A Simple Guide to Earned Value Management

Macgill Davis

Have you ever had a project balloon out of control and fail? You may have had costs exceeding your total budget, schedules conflicting with one another, unforeseen risks, or tasks yet to be done at the end of the project.

These things happen more often than you think, even to professional project managers. Using the earned value management (EVM) methodology is one way to plan, forecast and make adjustments along the way, improving your chances of success.

This article details all you need to know about implementing earned value management. We'll explain what it is, its benefits, and how to use it to deliver more successful projects.

A Brief History of Earned Value Management

Two coworkers look over their earned value management project plan on a tablet

Earned value management was developed by the United States Department of Defense (DOD) in the 1960s. They used it to track and enhance their project and program management.

Today, U.S. government programs, including the Department of Energy and NASA, use earned value management. It's their preferred system to measure and manage scope, cost, and schedule performance across numerous ongoing projects and programs. 

EVM has expanded beyond the early days and is now a part of the PMBOK Guide created by the Project Management Institute (PMI). It's a widely used and accepted method for tracking and controlling project performance until completion. 

What Is Earned Value Management?

Earned value management (EVM) is a technique for monitoring the level of work that's been completed and for measuring project performance. It is an objective way to assess if your project is on course to meet its objectives with the planned resources and available time. 

One of the best things about EVM is that it allows you to control your project performance, not just measure it. You can determine your rate of progress and make informed decisions about how best to continue and complete the work.

EVM shows if you’ve completed the project tasks and deliverables you should have by the current date. It reveals if you’re on track to finish in time and if you’ll meet the eventual goal. It goes beyond project tracking and helps you identify and fix problems before they become unmitigable risks or roadblocks.

What Are the Benefits of Earned Value Management?

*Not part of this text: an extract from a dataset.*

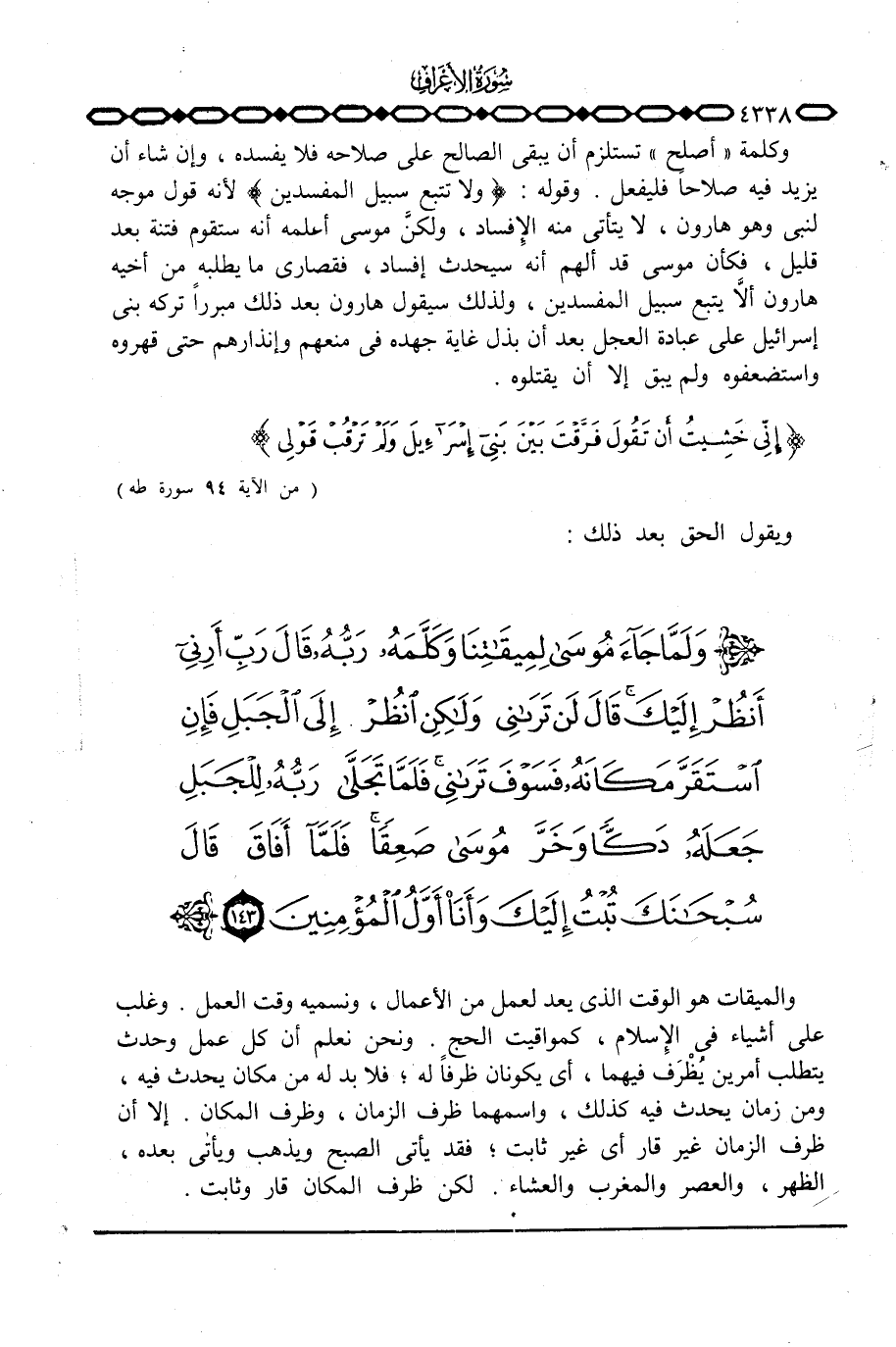 وقوله: {وَلاَ تَتَّبِعْ سَبِيلَ المفسدين} لأنه قول موجه لنبي وهو هارون، لا يتأتى منه الإِفساد، ولكنَّ موسى أعلمه أنه ستقوم فتنة بعد قليل، فكأن موسى قد ألهم أنه سيحدث إفساد، فقصارى ما يطلبه من أخيه هارون ألاَّ يتبع سبيل المفسدين، ولذلك سيقول هارون بعد ذلك مبرراً تركه بني إسرائيل على عبادة العجل بعد أن بذل غاية جهده في منعهم وإنذارهم حتى قهروه واستضعفوه ولم يبق إلا أن يقتلوه. { ... إِنِّي خَشِيتُ أَن تَقُولَ فَرَّقْتَ بَيْنَ بني إِسْرَآئِيلَ وَلَمْ تَرْقُبْ قَوْلِي} [طه: 94]

Using the earned value management methodology has many benefits, including the ability to:

  • Quickly assess project performance: EVM provides a structure to measure your progress against the established project baselines. This helps you identify when you're deviating from the plan and conduct the needed variance analysis to decide the best way to move forward to complete the project.
  • Anticipate risk and problems: EVM helps pinpoint problem areas early in a project and signal when corrective actions are necessary. This helps limit the impact of changes and risks. It takes you from a passive role of watching to see what happens to one where you impact the outcome to ensure success.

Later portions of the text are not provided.